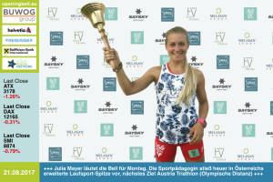19.8.: Julia Mayer läutet die Opening Bell für Montag. Die Sportpädagogin stieß heuer in Österreichs erweiterte Laufsport-Spitze vor, ihr nächstes Ziel ist der Laufpart der Staffel beim Austria Triathlon (Olympische Distanz) www.juliamayer.at http: www.runinc.at saysky.dk www.facebook.com groups Sportsblogged 18.8.: Christina Öhler, Marketing wikifolio, mit der Opening Bell für Freitag. wikifolio sucht in einer Teilwertung des Smeil Award den besten Social Trading Blog. Das Voting läuft unter http: www.smeil-award.com bis Monatsende http: www.wikifolio.com www.facebook.com groups GeldanlageNetwork #goboersewien 17.8.: Thomas Birtel , Gregor Rosinger und Wolfgang Matejka läuten die Opening Bell für Donnerstag. Stra... » Weiterlesen
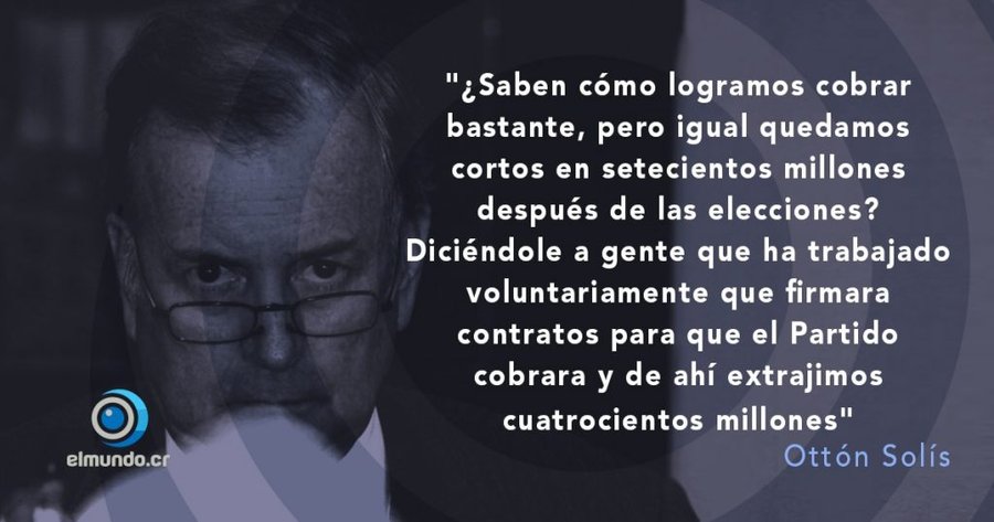 “Conocí partidarios que decían ‘yo voy a hacer un contrato con el partido y después voy a ver si le regalo la plata al partido’. Yo oí partidarios decir eso y yo, por lo menos, no me enfrenté a eso, no dije que eso era incorrecto, que era ilegal (…). No lo veté, no lo veté, o sea, si eso es el auto (la acusación), yo soy parte de los culpables“, aseguró ante los jueces Solís Fallas.
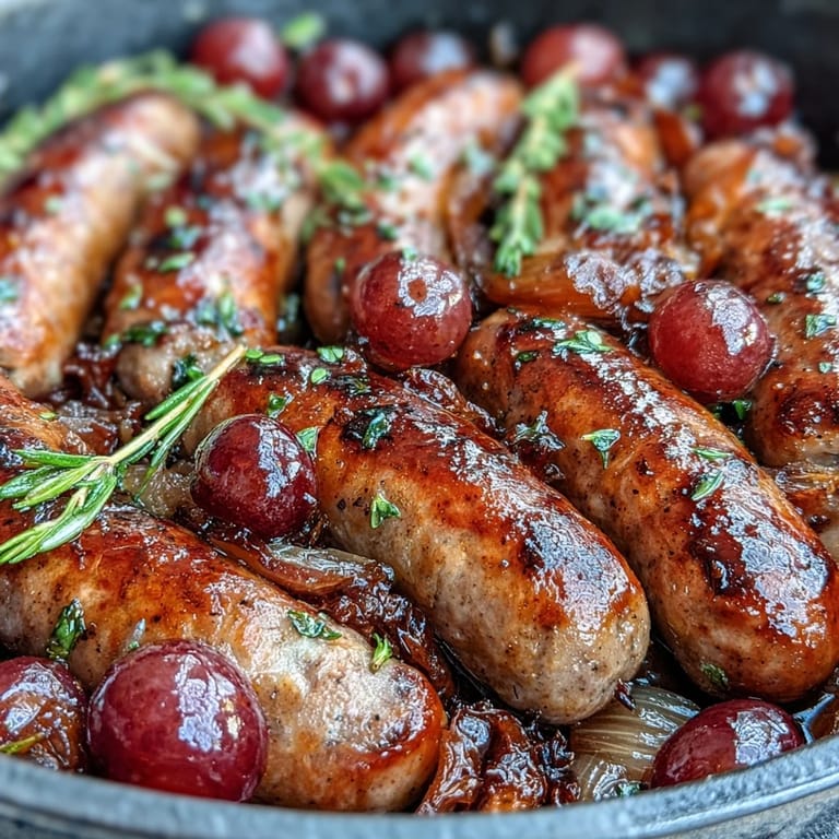 Save I threw this together on a Tuesday night when I had exactly three ingredients that seemed remotely dinner-worthy: sausages from the freezer, a bunch of grapes my daughter refused to finish, and half a red onion. The combination sounded odd until the smell hit me twenty minutes into roasting. My kitchen filled with this sweet, herby, caramelized scent that made my neighbor text asking what I was cooking. It's become my go-to when I want to look like I tried without actually trying.

---+---

Beginning with the line that holds "jueces Solís Fallas.", extract every line to the end of the material, exactly as it stands, and drop the pictures.

 “Conocí partidarios que decían ‘yo voy a hacer un contrato con el partido y después voy a ver si le regalo la plata al partido’. Yo oí partidarios decir eso y yo, por lo menos, no me enfrenté a eso, no dije que eso era incorrecto, que era ilegal (…). No lo veté, no lo veté, o sea, si eso es el auto (la acusación), yo soy parte de los culpables“, aseguró ante los jueces Solís Fallas.
 Save I threw this together on a Tuesday night when I had exactly three ingredients that seemed remotely dinner-worthy: sausages from the freezer, a bunch of grapes my daughter refused to finish, and half a red onion. The combination sounded odd until the smell hit me twenty minutes into roasting. My kitchen filled with this sweet, herby, caramelized scent that made my neighbor text asking what I was cooking. It's become my go-to when I want to look like I tried without actually trying.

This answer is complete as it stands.